Computational Evolution Group, Department of Biosystems Science and Engineering, ETH Zürich, 4058 Basel, Switzerland;
Computational Evolution Group, Swiss Institute of Bioinformatics (SIB), 4058 Basel, Switzerland.
Proc Natl Acad Sci U S A. 2019 Aug 20;116(34):16921-16926. doi: 10.1073/pnas.1813823116. Epub 2019 Aug 2.

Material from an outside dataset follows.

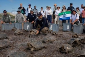 Casi 150 años después de su desaparición, las tortugas gigantes volvieron a la isla Floreana, en el archipiélago de Galápagos. Este viernes, decenas de juveniles fueron liberados para iniciar un proceso de restauración ecológica en un territorio que perdió a su especie emblemática.

Phylogenetic comparative methods are widely used to understand and quantify the evolution of phenotypic traits, based on phylogenetic trees and trait measurements of extant species. Such analyses depend crucially on the underlying model. Gaussian phylogenetic models like Brownian motion and Ornstein-Uhlenbeck processes are the workhorses of modeling continuous-trait evolution. However, these models fit poorly to big trees, because they neglect the heterogeneity of the evolutionary process in different lineages of the tree. Previous works have addressed this issue by introducing shifts in the evolutionary model occurring at inferred points in the tree. However, for computational reasons, in all current implementations, these shifts are "intramodel," meaning that they allow jumps in 1 or 2 model parameters, keeping all other parameters "global" for the entire tree. There is no biological reason to restrict a shift to a single model parameter or, even, to a single type of model. Mixed Gaussian phylogenetic models (MGPMs) incorporate the idea of jointly inferring different types of Gaussian models associated with different parts of the tree. Here, we propose an approximate maximum-likelihood method for fitting MGPMs to comparative data comprising possibly incomplete measurements for several traits from extant and extinct phylogenetically linked species. We applied the method to the largest published tree of mammal species with body- and brain-mass measurements, showing strong statistical support for an MGPM with 12 distinct evolutionary regimes. Based on this result, we state a hypothesis for the evolution of the brain-body-mass allometry over the past 160 million y.
系统发育比较方法被广泛用于基于系统发育树和现存物种的特征测量来理解和量化表型特征的进化。这种分析严重依赖于基础模型。高斯系统发育模型,如布朗运动和奥恩斯坦-乌伦贝克过程,是建模连续特征进化的主力。然而,这些模型对大树的拟合效果不佳,因为它们忽略了树中不同谱系进化过程的异质性。以前的工作通过在树中推断的点引入进化模型的变化来解决这个问题。然而,出于计算原因,在所有当前的实现中,这些变化是“模型内”的,这意味着它们允许在 1 或 2 个模型参数中跳跃,而保持整个树的所有其他参数“全局”。没有生物学理由将转变限制在单个模型参数或甚至限制在单个模型类型上。混合高斯系统发育模型 (MGPM) 结合了联合推断与树的不同部分相关的不同类型的高斯模型的思想。在这里,我们提出了一种近似最大似然方法,用于将 MGPM 拟合到比较数据中,这些数据可能包含来自现存和已灭绝的系统发育相关物种的几个特征的不完整测量值。我们将该方法应用于哺乳动物物种的最大已发表树上,这些物种具有身体和大脑质量的测量值,该方法为具有 12 个不同进化状态的 MGPM 提供了强有力的统计支持。基于这一结果,我们提出了一个关于过去 1.6 亿年来大脑-身体质量比例进化的假设。